Page 125 of Wreck Me

While there was no doubt in my mind that Caspian King would do everything and anything in his power to protect Caleb and me, there’d been a degree of separation there when it had come to the fact that it had been Sky in the immediate danger, not us. Sure, he knew I cared for her at this point and I was sure Cal had told him about his growing sentiment and fondness toward her as well, but she wasn’t one of us. Not officially and definitely not from Caspian’s perspective, in his mind.

And even then, him coming down there personally and so suddenly with no time to prep or strategize, or to put measures in place to minimize the fallout of the King of the City headed down to that notorious location in the furthest thing from covertly, was definitely outside his usual protocol.

He could’ve sent his guys.

Hell, he could’ve sent Luke. If that ghost-like figure hadn’t already been there already.
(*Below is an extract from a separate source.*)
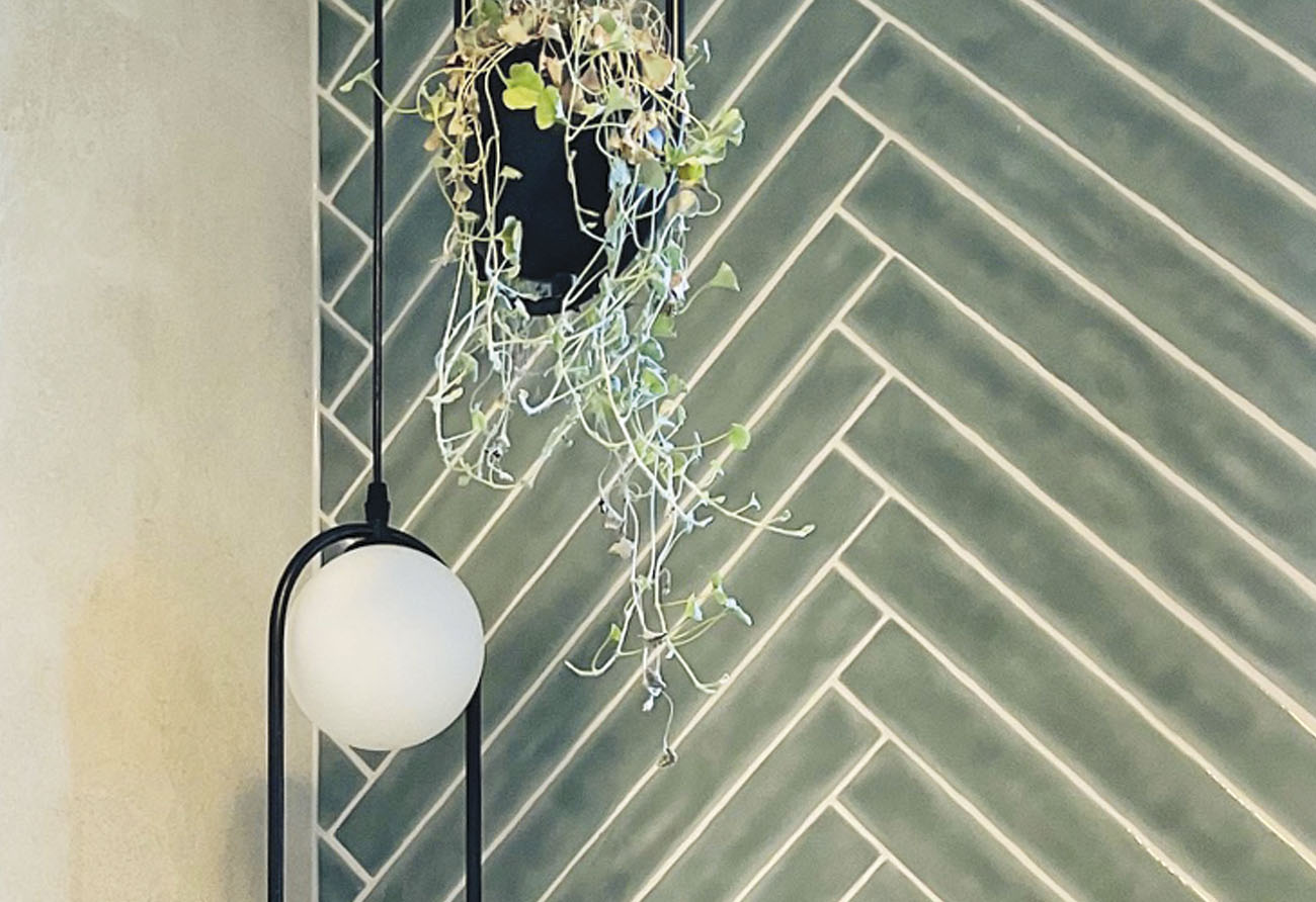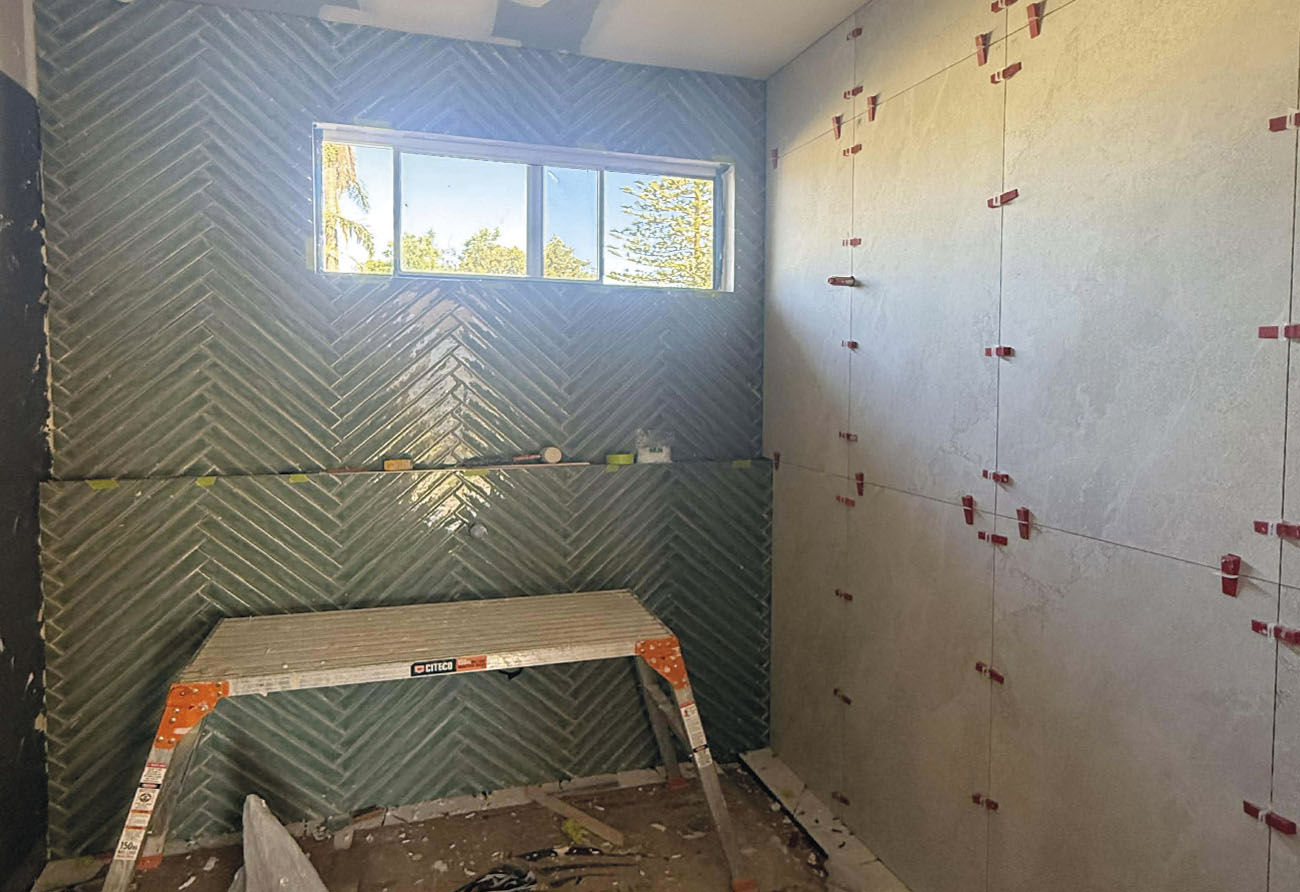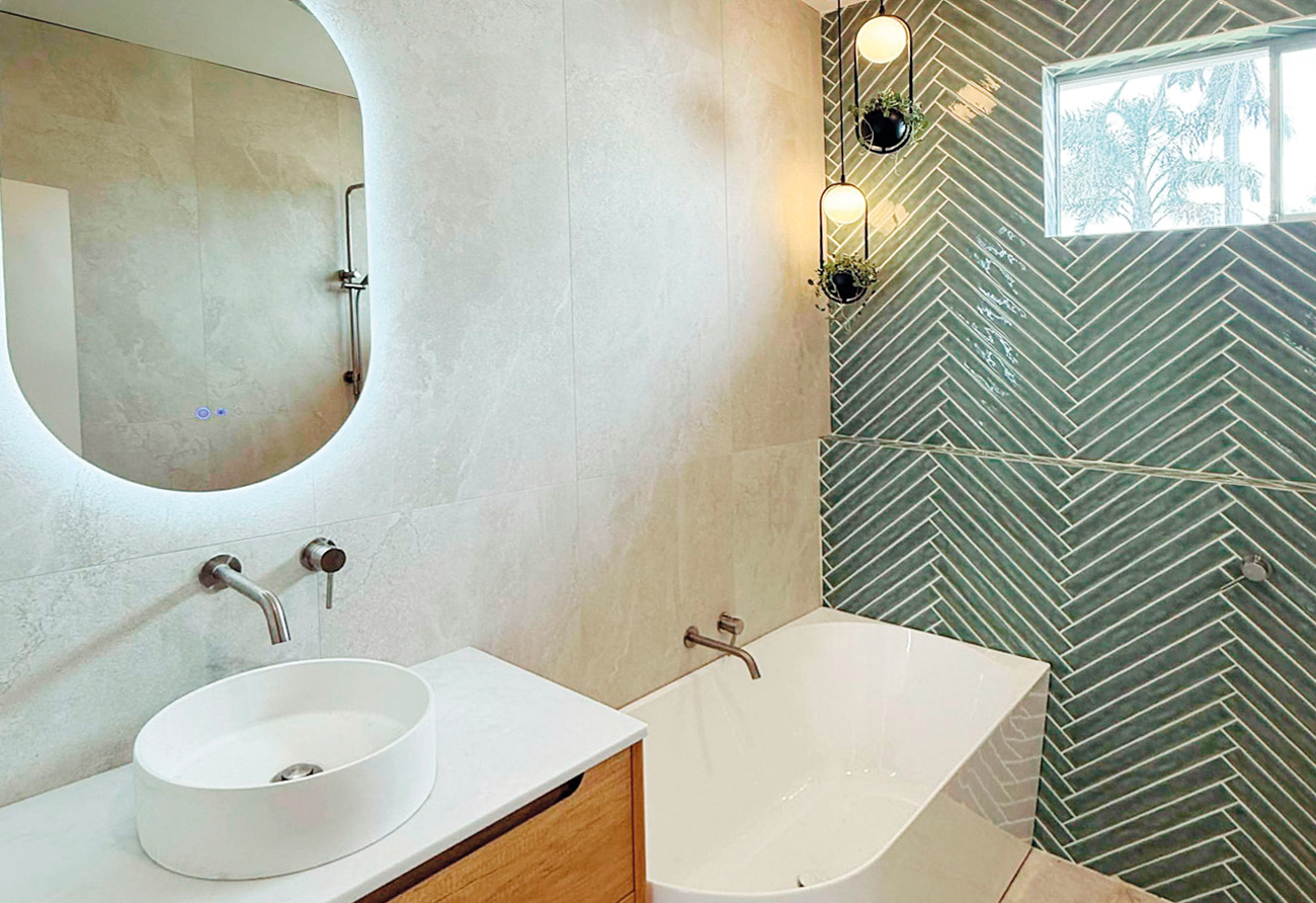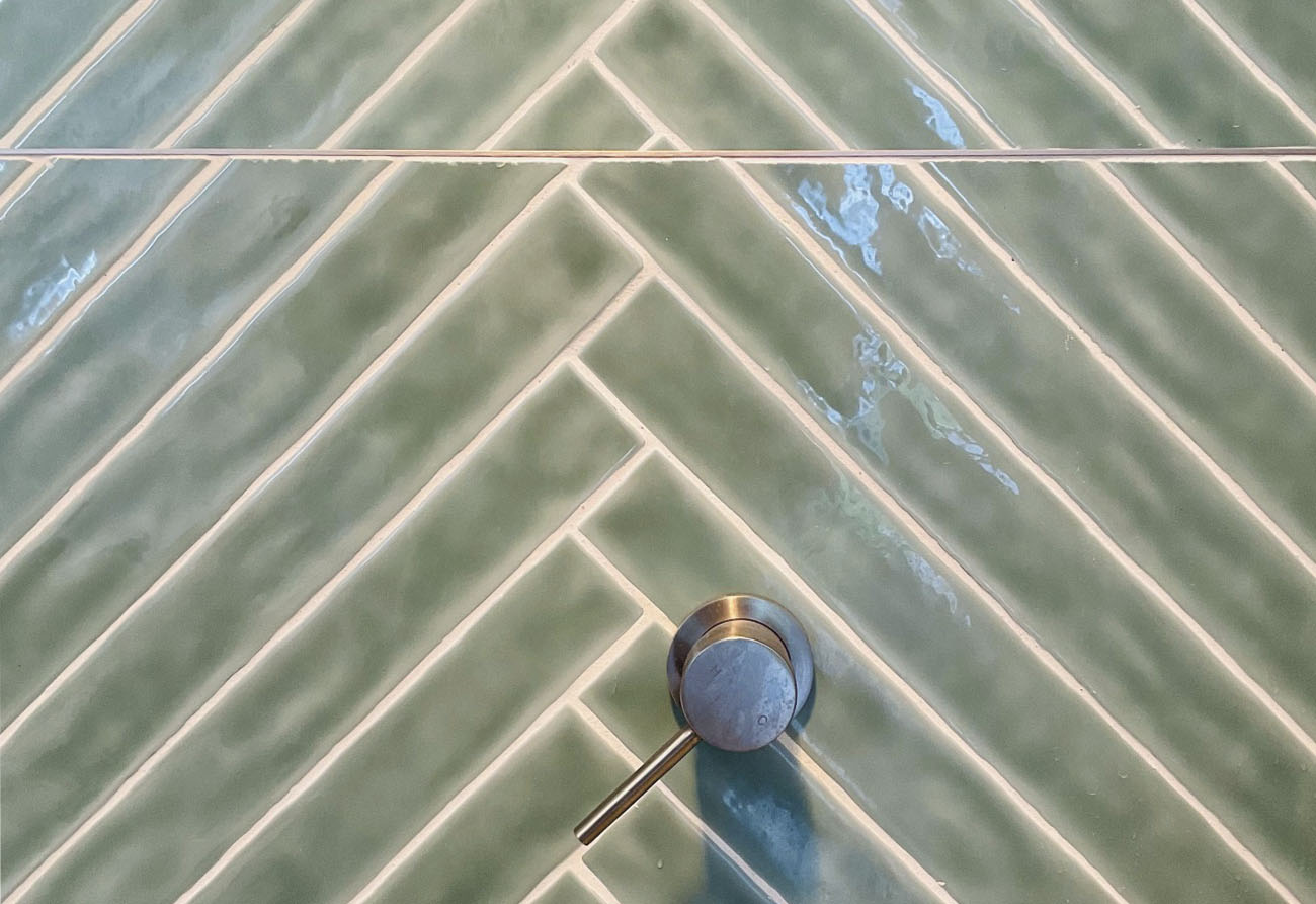 Featuring a stunning green herringbone tiled wall with a shower shelf, oversized large-format wall tiles and beautiful crazy-laid natural stone flooring, this bathroom renovation created a relaxing space with an open feel. Overcoming the challenges of the dated existing bathroom, the final result is now much more accessible, private, and enjoyable to use.

So, as much as I didn’t like to think that Cas would use his very skilled use of manipulation and calculation anywhere near Cal and me, the events of tonight did actually raise that possibility.

It had me wondering whether he’d actually used this fucked-up night as an opportunity in his bigger strategy, that he’d used it to play the savior to Sky, to frame himself that way, to gain her trust without having to go the long way around where that was concerned, and possibly even to make it so that she owed him a favor.

Fuck. I hoped I was just being paranoid, especially when it came to that last part, because owing Caspian King a favor absolutely was not a good position to be in.

I checked my surroundings, then ducked inside his office

My blood was roaring in my eyes as I found myself making a beeline for his desk.

His immaculate desk. He’d at least locked his laptop and papers away before he’d left then.

But there was one thing he never locked away. At least not in his desk. It was only locked via the door of the office itself.

Don’t. Don’t do it.

I rounded the desk and reached for the bottom drawer.

My hands were shaking, all the more violently than with the rage alone.

Now, there was even more than that.

The promise of relief.

Of numbness.

Escape from reality.

Escape from pain.

Things were different now.

I was different now.

It wouldn’t be the big deal that others might view it as.

I could handle it this time.

It didn’t really need to be all or nothing when it came to this. I’d just been unnecessarily strict about it.

I could control it.

I just needed it to calm down.

Just this once.

I hesitated.

Just to take the edge off. That’s all it is. You need it, you can’t go back in there in this state, and you know it.

I reached for the drawer and it was unlocked as usual, just like I’d anticipated.